A bit of foreshadowing about Talia I neglected to mention before - "death of personality" as judicial punishment. Being able to overwrite a personality was already established. The trick for "Divided Loyalties" is in having the new personality dormant behind the original, but able to take over. Also, Talia's line about "terrible things live inside all of us..."
This episode also tells us the Psi-Corp/Shadows conspiracy (conspiracies!) aren't unified, and compartmentalized. There are interesting observations here. Bester was NOT aware of Talia's sleeper - else he'd not have threatened her. Bureau 13 doesn't seem to know Talia's sleeper was "Control," else B13 wouldn't have ordered Talia eliminated. The show will make explicit in s3 that IPX, EarthGov, and Psi-Corp all have connections to Shadow agents.

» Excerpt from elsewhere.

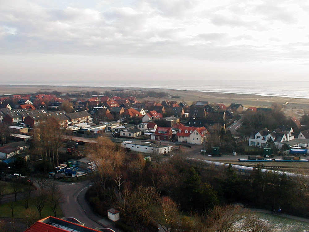 Wir schauen nun vom Alten Leuchtturm aus nach Südosten und sehen vorn den »Hindenburgplatz«, dahinter die Bahngleise und die Wohnbebauung im Dorfgroden. Im Hintergrund schließlich ist das Wattenmeer bei Hochwasser auszumachen.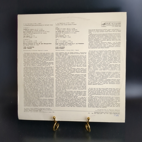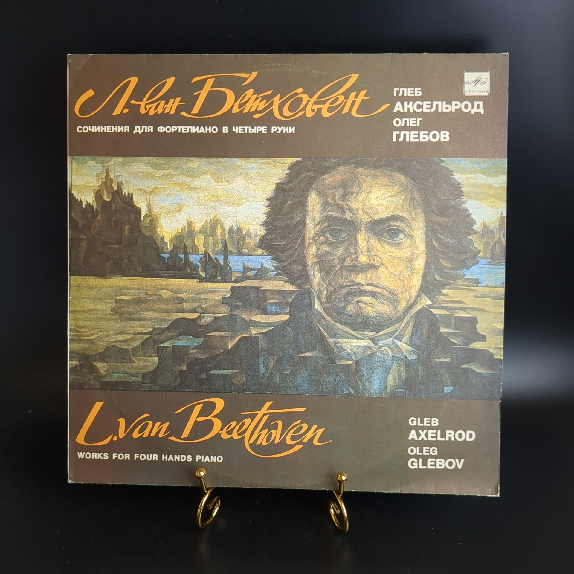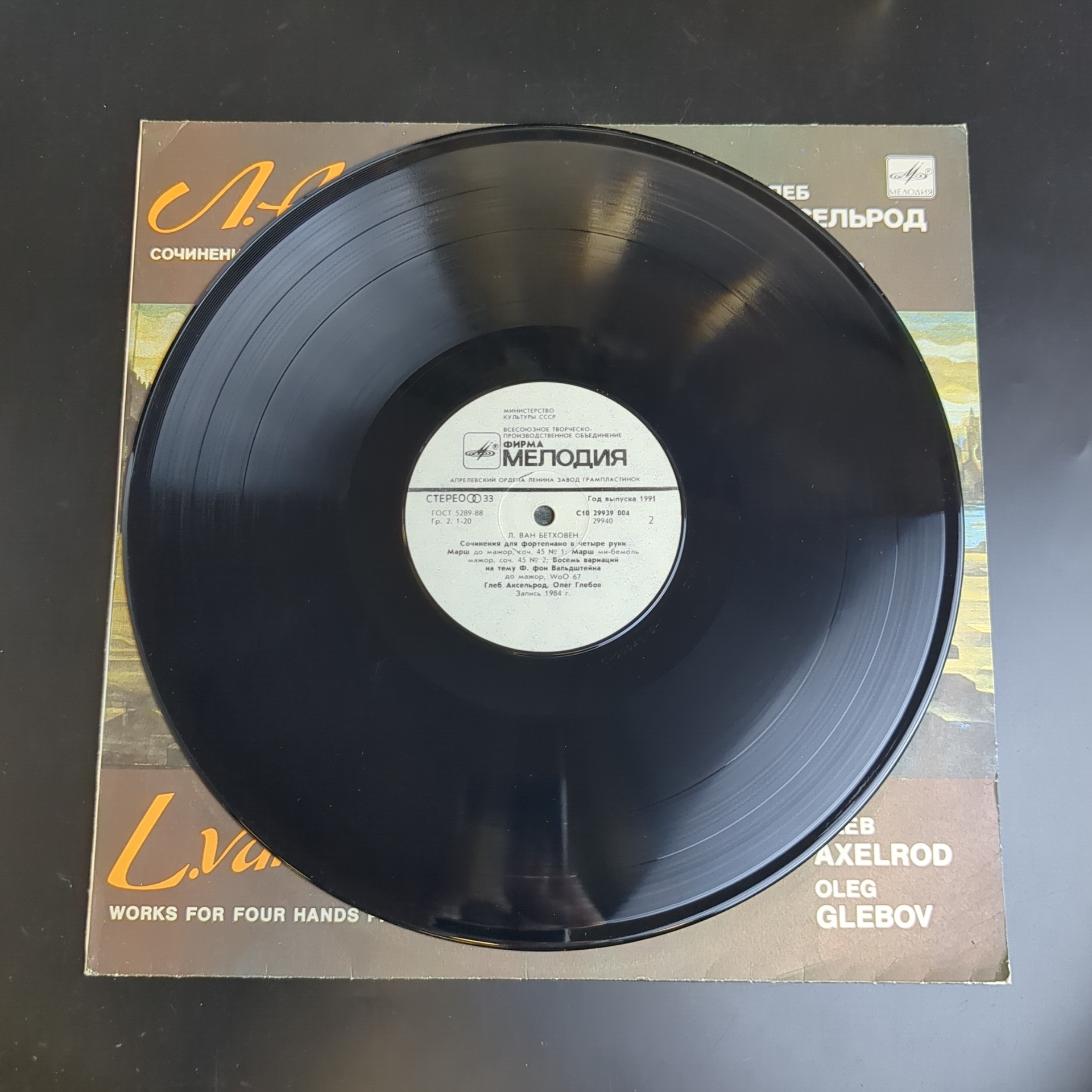 LP Л. Ван Бетховен виниловая пластинка 12 дюймов сочинения для фортепиано в четыре руки, Глеб Аксельрод, Олег Глебов, винтаж СССР Мелодия 1990 год. Классическая музыка на виниле. Конверт: EX Диск: EX

A B5 comic, published in summer of 1995 (intended to come out after the US premiere of "Divided Loyalties" before PTEN inexplicably decided to hold episodes back) featured an adventure Garibaldi and Sheridan had on Mars (an adventure hinted at in s1 "Infection" when Garibaldi is shown telling an ISN reporter, "...and so we walked 40 miles out of the desert," and again in s3 when Garibaldi tells a longer version of the story). When Garibaldi says in "Divided Loyalties," Psi-Corp has a facility in Syria Planum, well... Garibaldi has seen the facility with his own eyes. That same comic shows Talia at that facility.
Point being, there are at LEAST three sub-factions within the Psi-Corp/EarthGov/IPX/Shadows conspiracy, and the different sub-factions don't know what the others are doing. I wonder how much that helped our heroes? After all, in "Spider in the Web," Bureau 13 came close to destroying their own asset... We can assume there were other errors.
Hell, William Edgars - season 4 - obviously has access to IPX data, yet is ready to kill all telepaths. Again, an example of one arm of the conspiracy unaware of the actions of another arm - and one arm ready to cut off the other!
Oh, we have to add MINBARI to the conspiracy. Yup, Psi-Corp collaborated with dissident Warrior caste Minbari to assassinate Kosh... With Sinclair as scapegoat to appease some of the EarthGov arm. Again, this comes from the comic, but those comics were scripted or outlined by JMS.